For the very first time, researchers have developed an enzyme capable of breaking stubborn man-made bonds found in widely used chemicals known as siloxanes, or silicones. This is a significant breakthrough as it is a step towards making these chemicals biodegradable, which typically linger in the environment.
“Nature is an amazing chemist, and her repertoire now includes breaking bonds in siloxanes previously thought to evade attack by living organisms,” explains Frances Arnold, a Nobel Prize-winning professor at Caltech. She, along with her colleague Dimitris (Dimi) Katsoulis from Dow Inc., used directed evolution to create the new silicone-carbon bond-cleaving enzyme. The findings have been published in the journal Science on January 26.
While the practical applications of the engineered enzyme could be a decade away or more, its development opens up the possibility that siloxanes could one day be degraded biologically. Katsoulis mentions that nature doesn’t use silicon-carbon bonds, “but we do and have been for about 80 years. The volatile nature of some of these compounds warrants health and environmental research to properly understand the degradation mechanisms of these materials in the environment.”
Siloxane chemicals can be found in countless products including household cleaning, personal care items, and in various industries such as automotive, construction, electronics, and aerospace. The compounds’ chemical backbone is comprised of silicon-oxygen bonds, and they often have carbon-containing groups such as methyl attached to the silicon atoms.
These chemicals are believed to persist in the environment for days to months, and ongoing research aims to provide greater scientific understanding of the health and environmental safety of silicone materials. The compounds naturally start to fragment into smaller pieces, especially in soil or aquatic environments, and those fragments become volatile or escape into the air, where they undergo degradation by reacting with free radicals in the atmosphere. Of all the bonds in siloxanes, the silicon-carbon bonds are the slowest to break down.
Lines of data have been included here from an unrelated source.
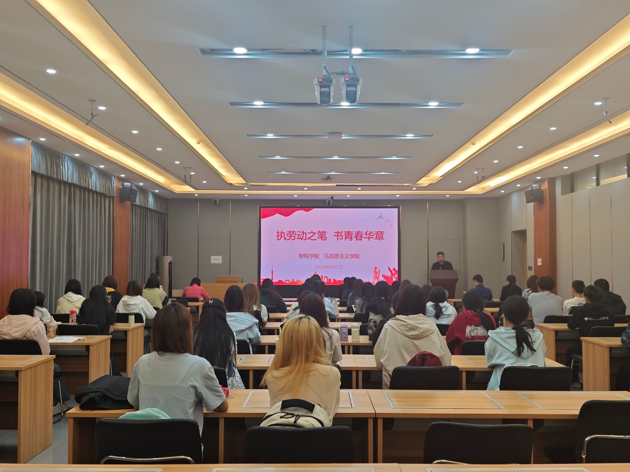 为深化劳动教育与思政课融合创新,探索“课程思政”与“思政课程”协同育人新路径,4月27日下午,财税学院与马克思主义学院共同举办“执劳动之笔,书青春华章”劳动教育主题思政课。活动以跨学科对话、理论与实践交融的形式,为2024级财税大数据应用专业学生呈现了一堂“有深度、有温度、有共鸣”的思政大课。财税学院党总支书记张希、财税学院院长张明珠、马克思主义学院负责人陈彪,相关教师和辅导员代表及部分大一学生参与活动。
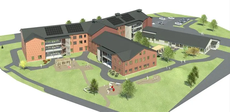 Nová budova bude zahrnovat rezidenční pečovatelské zařízení se 40 pokoji, mateřskou školku pro 90 dětí, komerční kuchyni, školní jídelnu se 150 místy a kanceláře pro domácí pečovatelské služby v Bjurholmu.
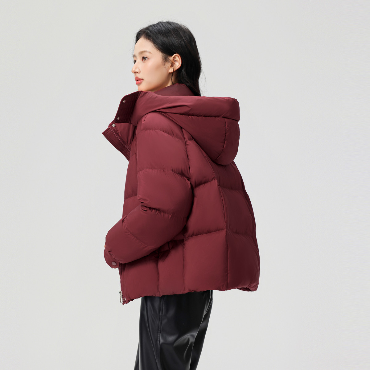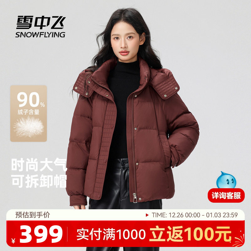 雪中飞2025冬新款女士羽绒服短款时尚暗花保暖韩版连帽气质保暖
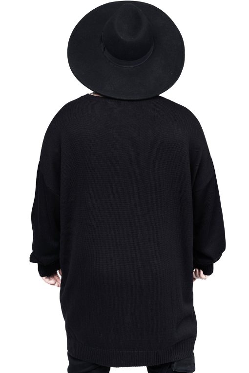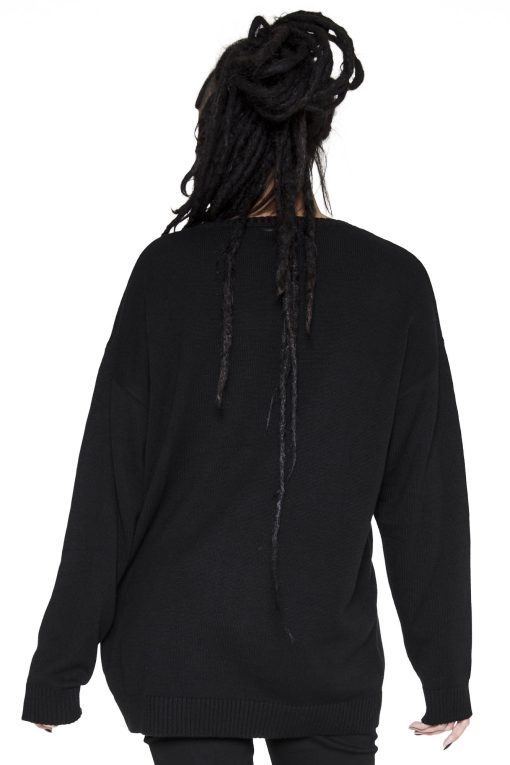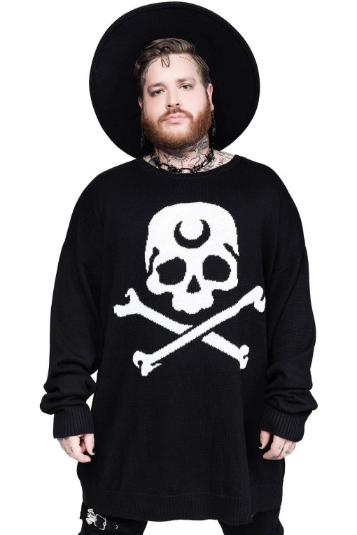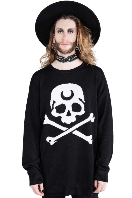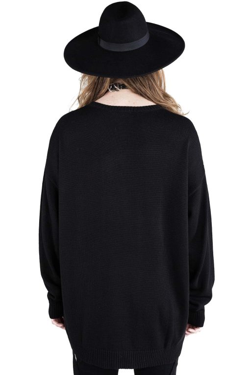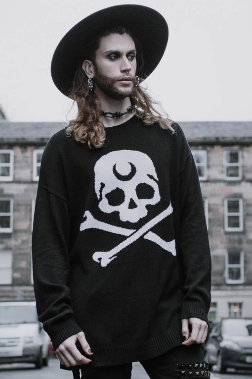 Cozy never looked so good – the ‘2 The Bone’ knit sweater ticks all the boxes. Extra long length to easily be dressed up or down, with a round neck, and contrast skull and bones statement graphic. Dress up or down as you dark heart desires; works both for warmer or colder looks!

In the new study, the researchers wanted to find ways to break the bonds rather than create them. They used directed evolution to evolve a bacterial enzyme called cytochrome P450. The process is designed to bring out the desired traits in a similar way to breeding dogs or horses. The researchers identified a variant of cytochrome P450 in their collection of enzymes that had a very weak ability to break silicon-carbon bonds in siloxanes.
The best performers were then mutated again, and the testing was repeated until the enzyme was active enough to identify the products of the reaction and study the mechanism by which the enzyme works. The final improved enzyme does not directly cleave the silicon-carbon bond but rather oxidizes a methyl group in the siloxanes in two sequential steps. The research draws parallels to studies involving a plastic-eating enzyme, which opens new possibilities for further work to help break down siloxane compounds.
The Science paper titled “Directed evolution of enzymatic silicon–carbon bond cleavage in siloxanes” was funded by Dow’s University Partnership Initiative and the National Science Foundation.
Overall, this breakthrough in engineering enzymes to break silicon-carbon bonds has the potential to have significant environmental impacts in the coming years.